世界史では遊牧民が活躍し始めるのは紀元前8世紀頃からで、正確には遊牧騎馬民族の事ですが、アン達の時間はそこからさらに3200年も前の人口がもっと少ないメソポタミア文明の初期の話です。

ちなみに作中の異郷の者達は遊牧民の品々が欲しく素直に支配下に入ってくれるのであればそもそも戦争をする気など有りませんでした。

またユウタ達を侵略した異教の者達にも民族名が有るのですが差別の助長になってしまう事を懸念し公開はしない事とします。

ヒントはこの一帯の各文明の中間に位置しその中央を縄張りとしていた民族です。

本当は山岳の民と書きたかったのですがね。

しかしそれにしても仮に戦争になっていたとしてもその品々の作り手がいなくなってしまっては困るので抵抗勢力が消される程度でしたが、やはり血を一滴も流さない様にするには最初から恭順するしかありませんでした。

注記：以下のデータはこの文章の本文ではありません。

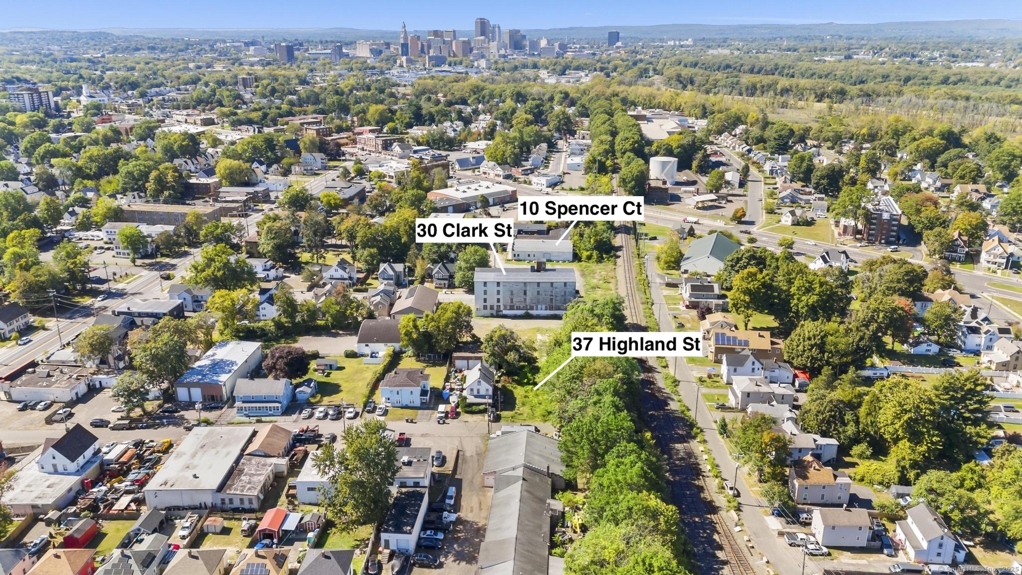 Unique opportunity to acquire three contiguous East Hartford properties at 30 Clark Street, 10 Spencer Court, and 37 Highland Street, totaling 1.65 acres with a mix of industrial buildings and vacant land. Previously operated as a moving, storage, and trucking facility, the 28,280 SF four-level building at 30 Clark Street features an operational freight elevator and loading docks and continues to serve as public storage. It is complemented by a 5,673 SF industrial structure at 10 Spencer Court, which also includes loading docks, and a vacant commercial lot at 37 Highland Street. The portfolio runs parallel to the Connecticut Southern Railroad, creating strong potential for rail-supported operations such as transloading. Public utilities are available, and flexible zoning allows for diverse current and future uses, including vehicle, equipment, and goods storage, warehousing, distribution, and other industrial or commercial applications. In addition, the combined acreage presents a compelling redevelopment or new development opportunity for forwardlooking industrial users and investors, with quick access to I-84, I-91, and Hartford.
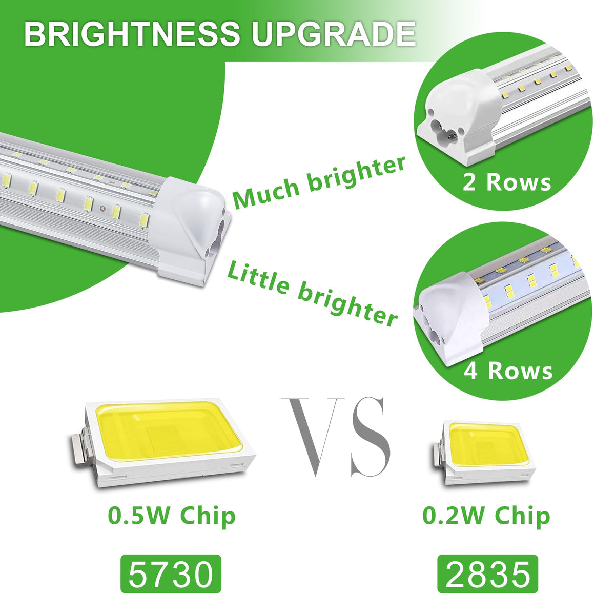 Skymoatled 8Ft Led Shop Light Fixture 100W 15000Lm 6000K, Clear Cover,Hanging/Surface Mount,Linkable Led Shop Lights,270Beam Angle V Shape Integrated T8 Led Lighting, Widely Used Garage, Workshop, Basement, Warehouse, Supermarket, And Office General Lighting. It Could Be Plugged & Play Or Hardware To A Wall Switch. Moreover, It Could Link Up To 4 Lights In A Series, Saving You Installation Costs And Time.
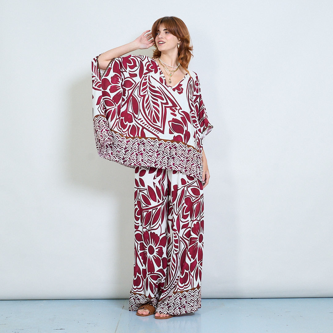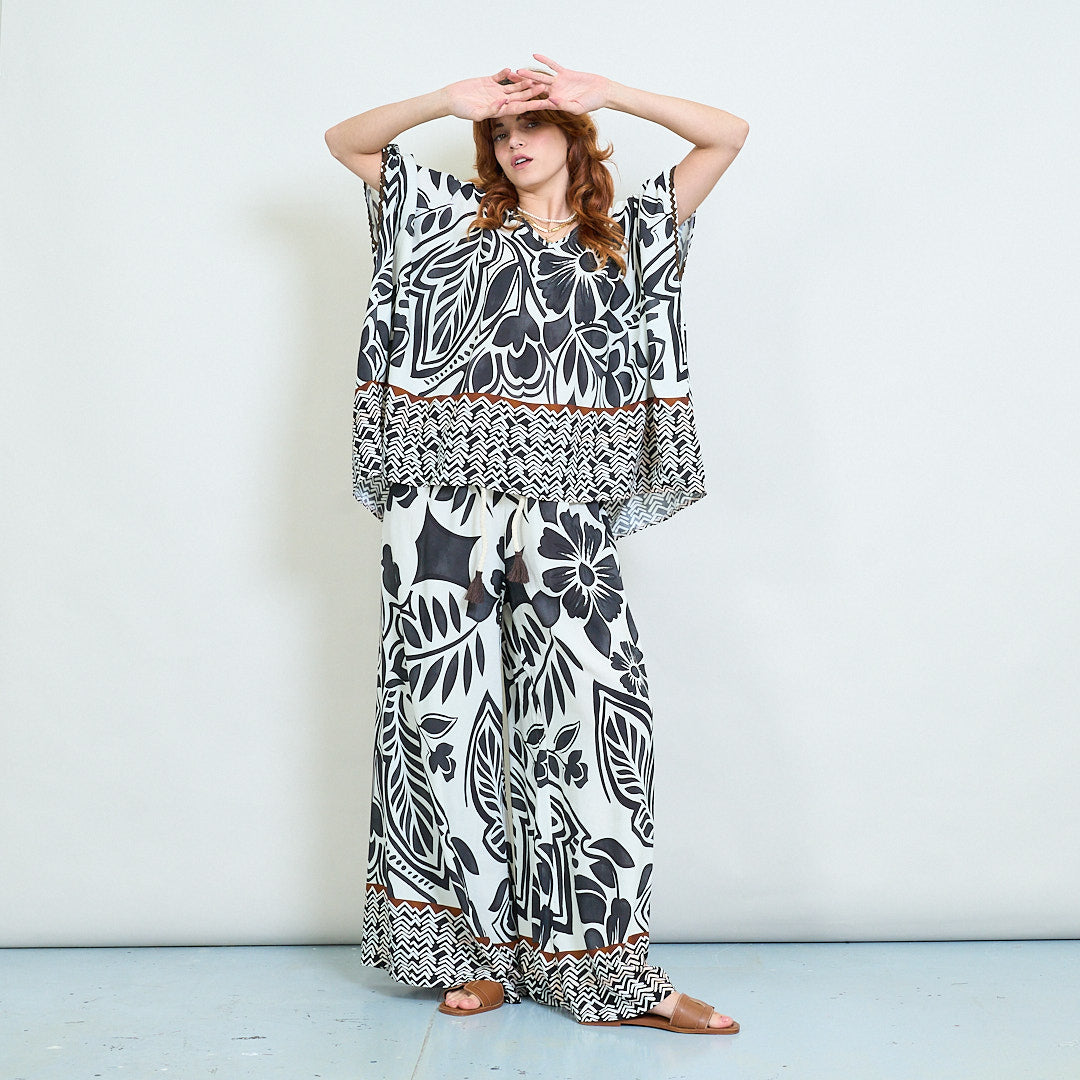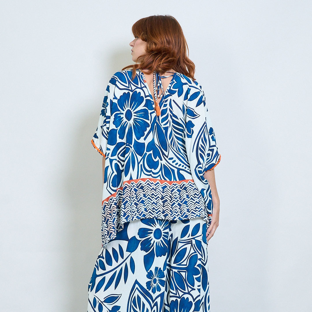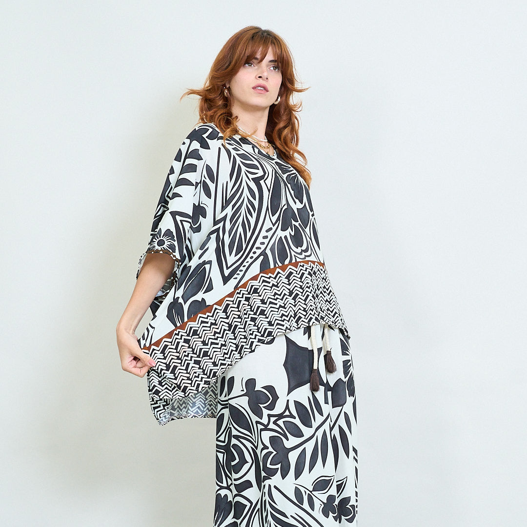 Överdimensionerad blommig poncho -topp med Chevron Border Print grossist

またこれはスピンオフにと思い作中には書きませんでしたがアンは移動の最中ずっと「暑い」だの「疲れた」だのとぼやき続けていました。

もっと言うとアンは食事をすれば元気になって煩くなり、空腹になるにつれてぼやき疲れて静かになるというのを繰り返していました。

そしてぼやいていたのは置いておいてあの我儘な女神が頑張ったという事だけでもティアラやアンに仕える天使達の中でアンの再評価路線に繋がり、またとんとん拍子の成果に加え地上に下り炎天下の中で勇者と旅を供にした女神というのも珍しく異例の高評価に繋がっていく事となります。

そもそも勇者候補に「どこどこへ来なさい」や「ああしなさい」と信託を下ろして目的地に来させたり指示通りに国を造らせる事も出来たし、天界ではそれが一般的なので自らも現地に赴き苦労をしたというのがプラス査定に繋がったという訳です。